Data to process:
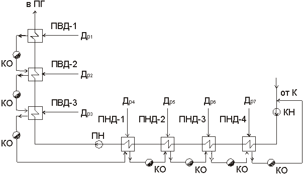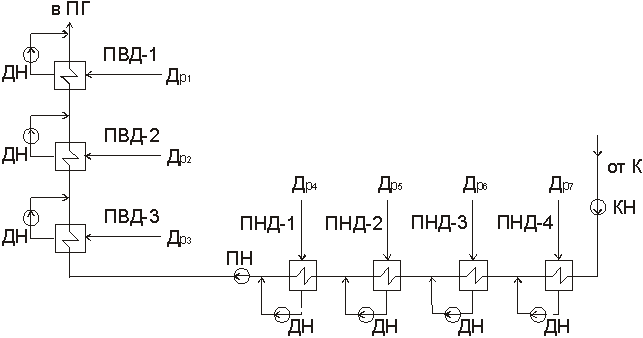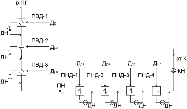 При распределении степени подогрева между отдельными подогревателями применяется закон равной степени подогрева:
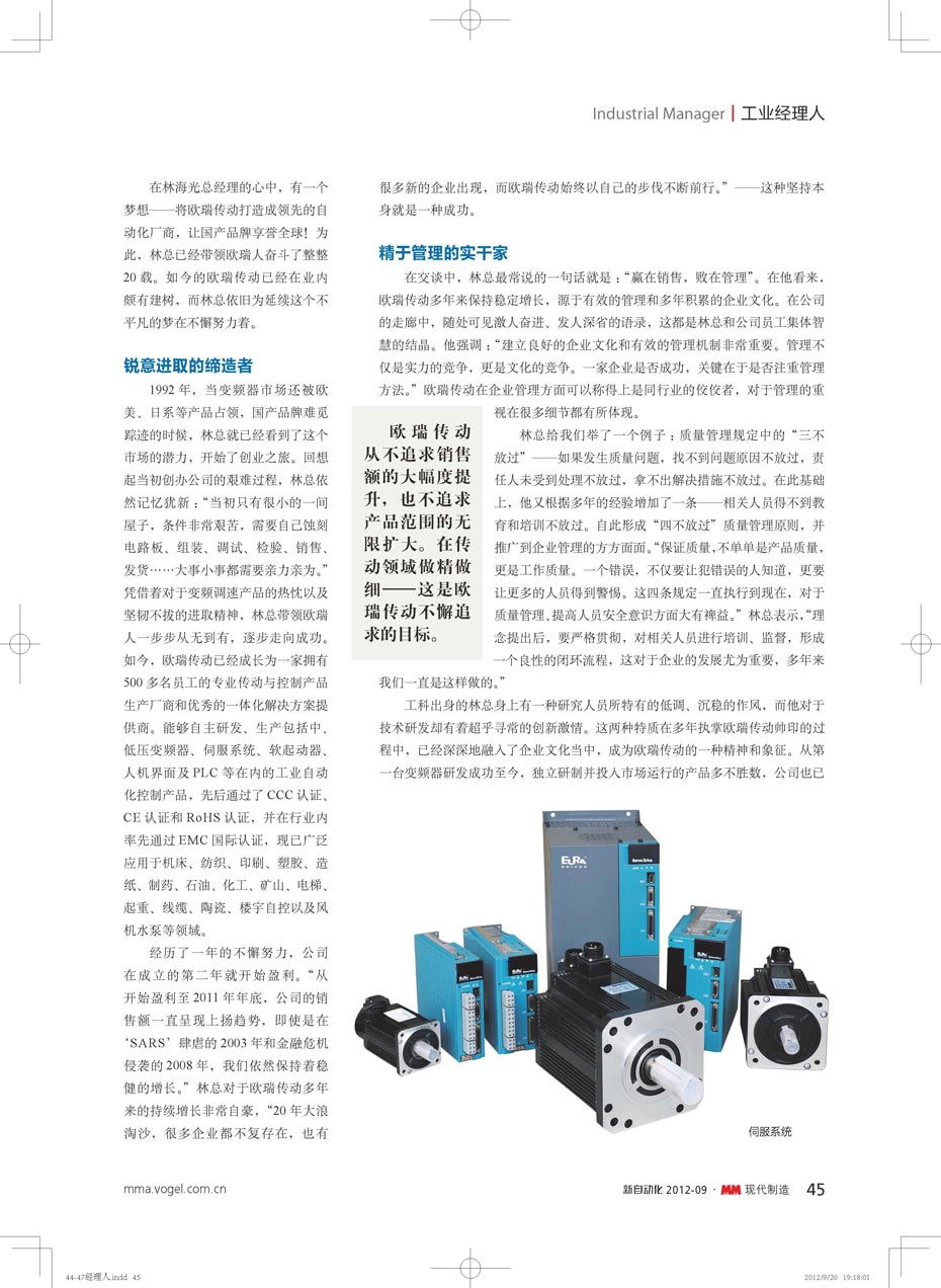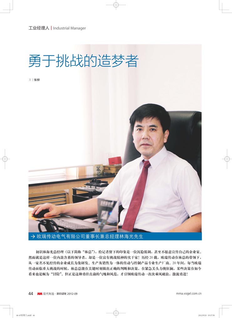 民族品牌的信心保證--訪歐瑞傳動國內(nèi)營銷副總林飛先生
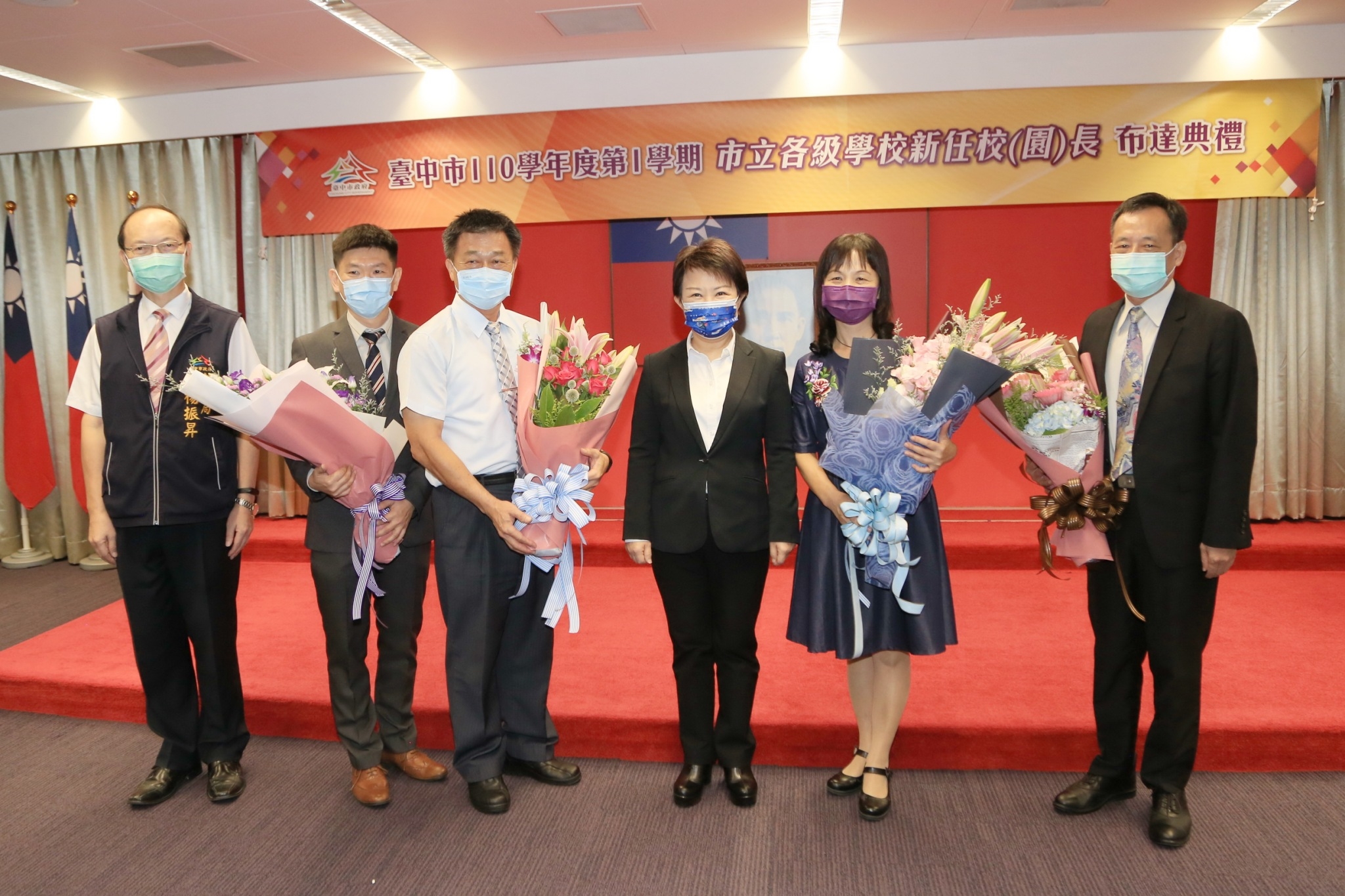 「良師興國!」盧市長提到,今日5位即將退休的校長,將一生奉獻給台中的教育,成就每個孩子,她心懷感恩與感謝,也拜託各位校長退休後繼續為教育努力,並祝福退休生活順心愉快;另外也祝福新任、連任校長任重道遠,將教育當作重責大任,將台中的孩子交給優質的教育家手中,她非常有信心,期待校長們全力以赴。
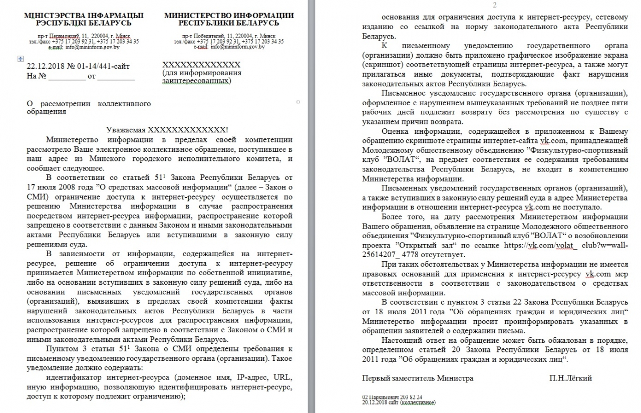 10 ноября 2018 года на странице Молодежного общественного объединения «Физкультурно-спортивный клуб «ВОЛАТ» (зарегистрировано Главным управлением юстиции Мингорисполкома в августе 2012 года) в социальной сети ВКонтакте (ссылка - https://vk.com/volat_club?w=wall-25614207_4778) было размещено объявление о возобновлении проекта «Открытый зал» (скриншот см. ниже).
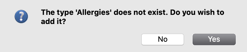 Type the Description of the other information type and select the appropriate radio button for the type of information this code will track. For example, if you need to record special Allergies of registrants, you would click Text. Click OK.
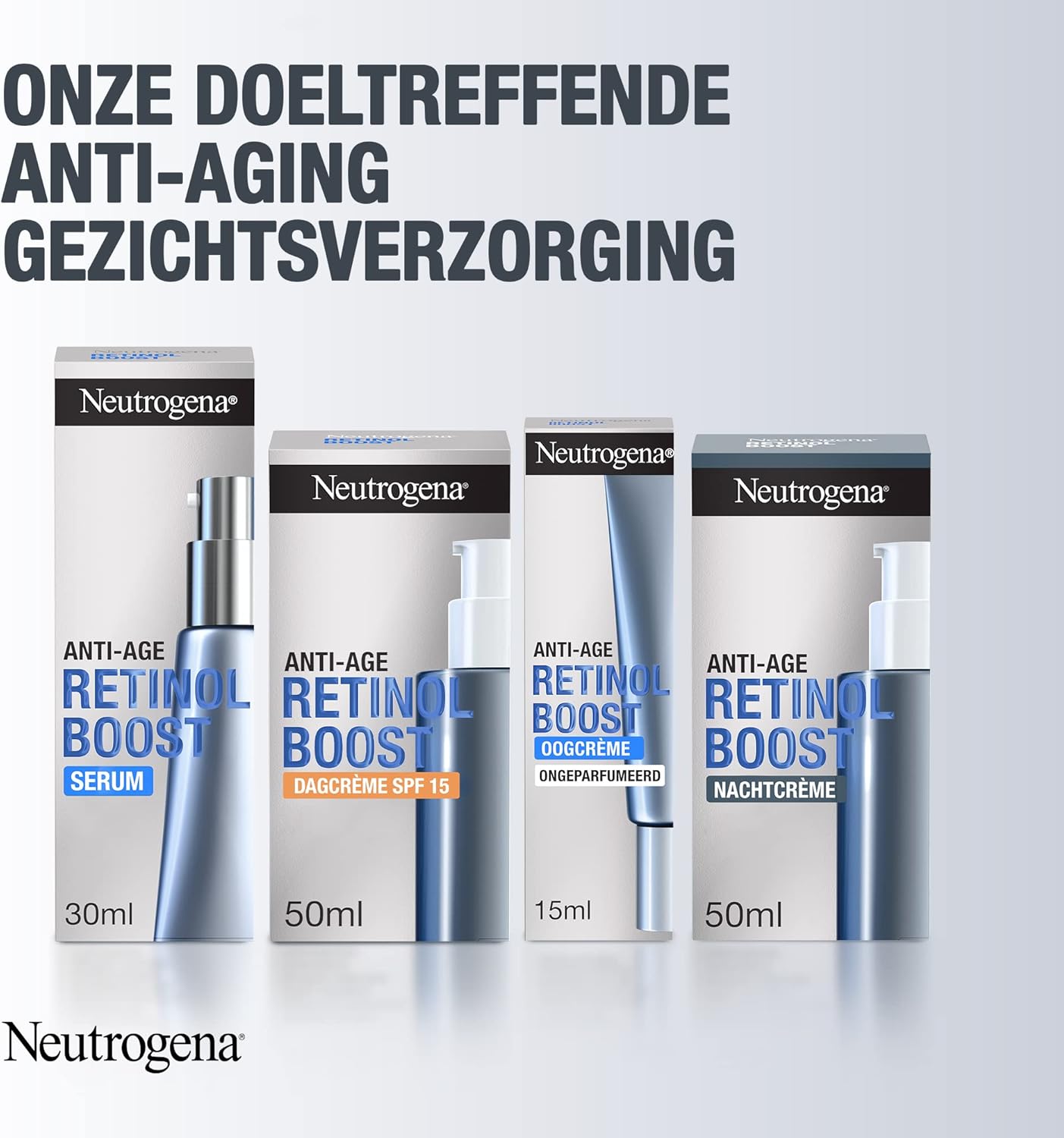Het Neutrogena Retinol Boost Serum is een uiterst effectief anti-aging gezichtsserum met pure Retinol, mirtebladextract en hyaluronzuur, voor een jongere en gezond uitziende huid. Het gezichtsserum bestrijdt zichtbare tekenen van huidveroudering: rimpels, verminderde strakheid, vermoeide huid, droogheid en pigmentvlekken. Daarnaast verbetert dit anti-aging serum het huidbeeld, zorgt voor een gelijkmatige teint en maakt de huid gladder. De unieke formule combineert pure Retinol om de collageenproductie te bevorderen, mirtebladextract om de effectiviteit van Retinol te verhogen en hyaluronzuur voor intensieve vochtigheid en een vollere huid. Het anti-aging gezichtsserum is zo effectief dat bij 100% van de proefpersonen na 1 week een zichtbare werking bevestigd werd*. Gebruik: Doe 1x per dag 2 pompjes van het serum aan op je hand en masseer het daarna zacht in op uw gezicht en hals. (*Wetenschappelijke evaluatie door dermatologen met 31 proefpersonen, bij 1x per dag aanbrengen)

Work instruction:
Whenever images occur above, omit them and retype each line exactly as it stands.

Answer box:
 При распределении степени подогрева между отдельными подогревателями применяется закон равной степени подогрева:
 民族品牌的信心保證--訪歐瑞傳動國內(nèi)營銷副總林飛先生
 「良師興國!」盧市長提到,今日5位即將退休的校長,將一生奉獻給台中的教育,成就每個孩子,她心懷感恩與感謝,也拜託各位校長退休後繼續為教育努力,並祝福退休生活順心愉快;另外也祝福新任、連任校長任重道遠,將教育當作重責大任,將台中的孩子交給優質的教育家手中,她非常有信心,期待校長們全力以赴。
 10 ноября 2018 года на странице Молодежного общественного объединения «Физкультурно-спортивный клуб «ВОЛАТ» (зарегистрировано Главным управлением юстиции Мингорисполкома в августе 2012 года) в социальной сети ВКонтакте (ссылка - https://vk.com/volat_club?w=wall-25614207_4778) было размещено объявление о возобновлении проекта «Открытый зал» (скриншот см. ниже).
 Type the Description of the other information type and select the appropriate radio button for the type of information this code will track. For example, if you need to record special Allergies of registrants, you would click Text. Click OK.
Het Neutrogena Retinol Boost Serum is een uiterst effectief anti-aging gezichtsserum met pure Retinol, mirtebladextract en hyaluronzuur, voor een jongere en gezond uitziende huid. Het gezichtsserum bestrijdt zichtbare tekenen van huidveroudering: rimpels, verminderde strakheid, vermoeide huid, droogheid en pigmentvlekken. Daarnaast verbetert dit anti-aging serum het huidbeeld, zorgt voor een gelijkmatige teint en maakt de huid gladder. De unieke formule combineert pure Retinol om de collageenproductie te bevorderen, mirtebladextract om de effectiviteit van Retinol te verhogen en hyaluronzuur voor intensieve vochtigheid en een vollere huid. Het anti-aging gezichtsserum is zo effectief dat bij 100% van de proefpersonen na 1 week een zichtbare werking bevestigd werd*. Gebruik: Doe 1x per dag 2 pompjes van het serum aan op je hand en masseer het daarna zacht in op uw gezicht en hals. (*Wetenschappelijke evaluatie door dermatologen met 31 proefpersonen, bij 1x per dag aanbrengen)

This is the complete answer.